### Work required
What you should give back is every line from the one containing "Ткань для шитья" through the last line of the records below, word for word and without pictures.

[Extracted records]
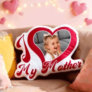 Custom Couple Photo Pillow – Red Heart-shaped Personalized Pillows For Mother’s Day Gift
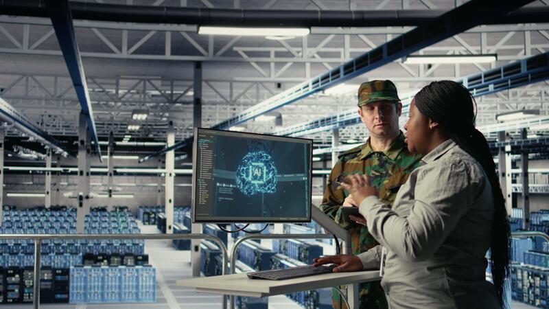 militare personale nel server camera usi ai utensili per Aiuto gestire computer sistemi. esercito squadra indossare uniforme recensioni informazione utilizzando artificiale intelligenza programmi nel server azienda agricola, telecamera un' Video Pro
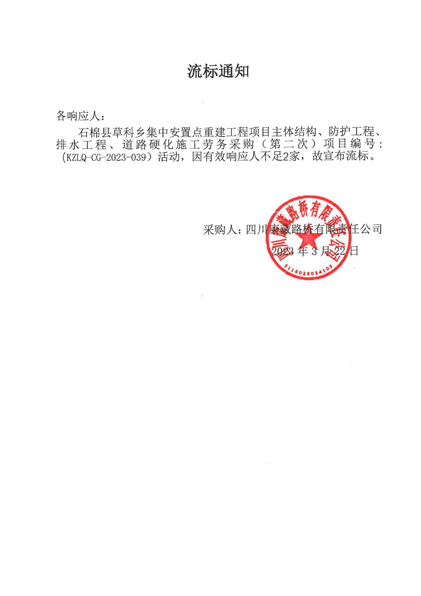 四川康藏路橋有限責(zé)任公司石棉草科鄉(xiāng)集中安置點重建工程項目主體結(jié)構(gòu)、防護工程、排水工程、道路硬化施工勞務(wù)采購流標(biāo)通知(第二次)
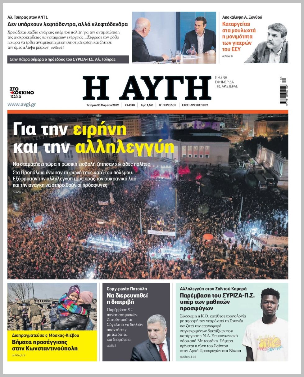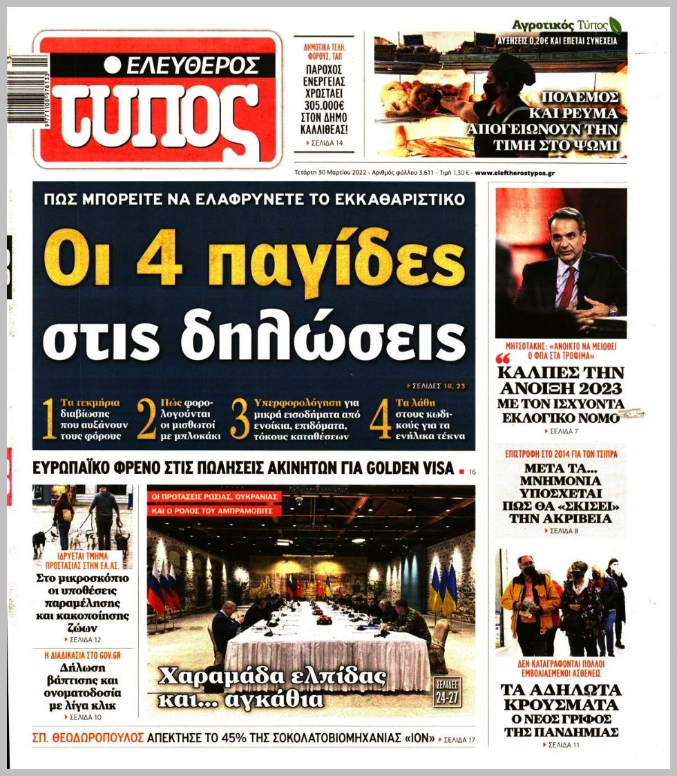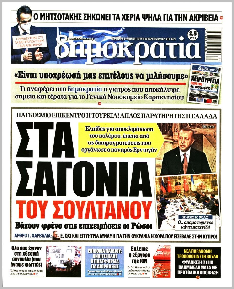 Τα πολιτικά πρωτοσέλιδα σήμερα (30/3)
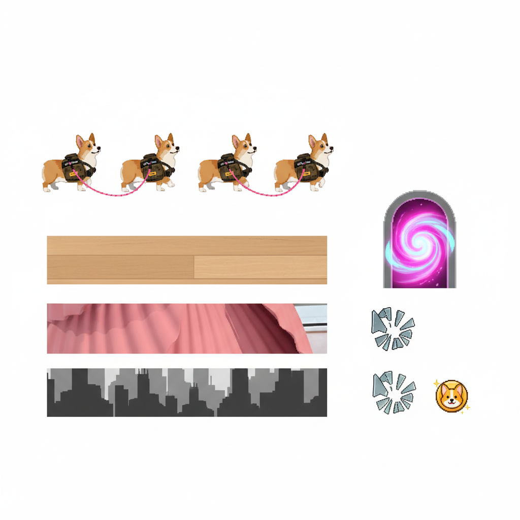 "player_identity": "The corgi, representing a small, loyal, and persistent part of the self navigating a challenging environment.",
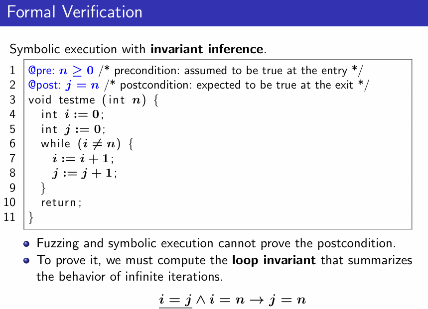 - fuzzing과 symbolic execution은 postcondition을 증명할 수 없다
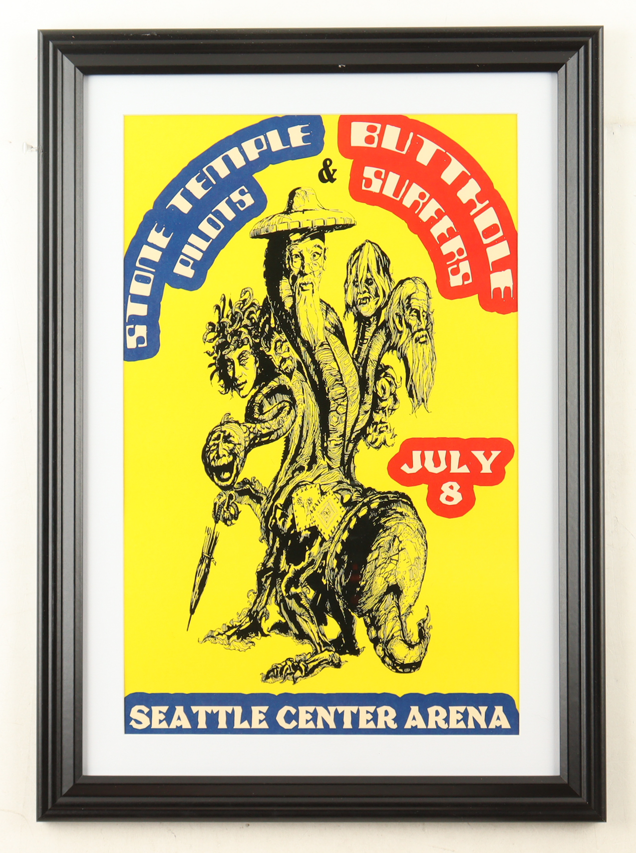 Custom frame measures approximately 15" x 21" in size and features a 1993 "Stone Temple Pilots & Butthole Surfers" Seattle Concert Poster. Please note, the display is unsigned and there is minor scuffing throughout the frame.
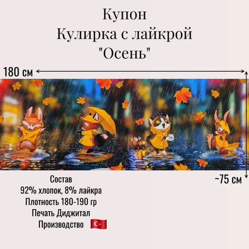 Ткань для шитья Трикотаж Кулирка с лайкрой Купон/0.80(+/-2 см) х 1.8 м
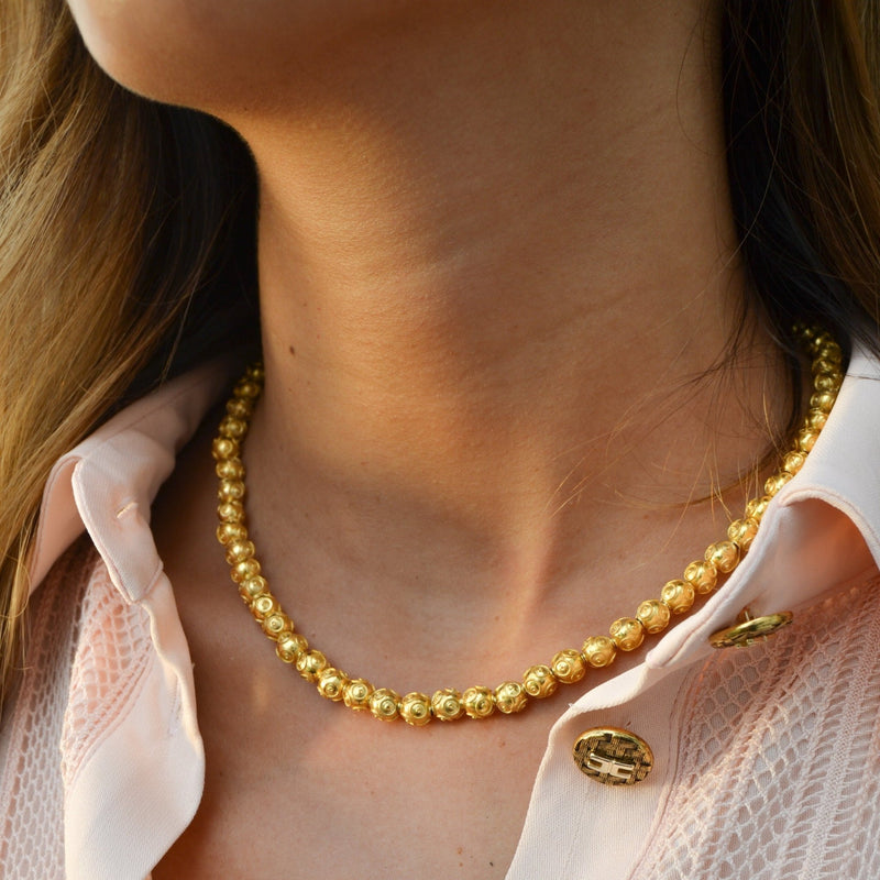 Fio em Ouro de 19.2kl, adornada de elegantes Contas de Viana.
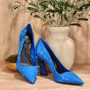 Gianni Bini Women's Self-Made Daisy Satin Blue Closed Toe Pumps Size 8.5
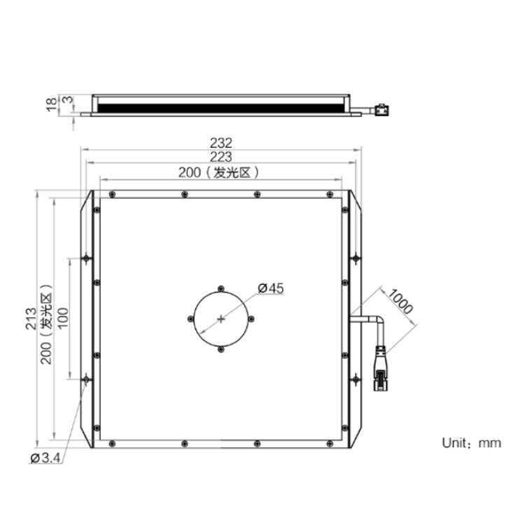 MV-LBES-H-200-200-R 红色 ≥ 9000 lux@200 mm 232 mm × 213 mm × 18 mm 200 mm × 200 mm ? 45 mm 0.8 kg 34 W 24 VDC SMR-03V-B

### Completed task
 Ткань для шитья Трикотаж Кулирка с лайкрой Купон/0.80(+/-2 см) х 1.8 м
 Fio em Ouro de 19.2kl, adornada de elegantes Contas de Viana.
 Gianni Bini Women's Self-Made Daisy Satin Blue Closed Toe Pumps Size 8.5
 MV-LBES-H-200-200-R 红色 ≥ 9000 lux@200 mm 232 mm × 213 mm × 18 mm 200 mm × 200 mm ? 45 mm 0.8 kg 34 W 24 VDC SMR-03V-B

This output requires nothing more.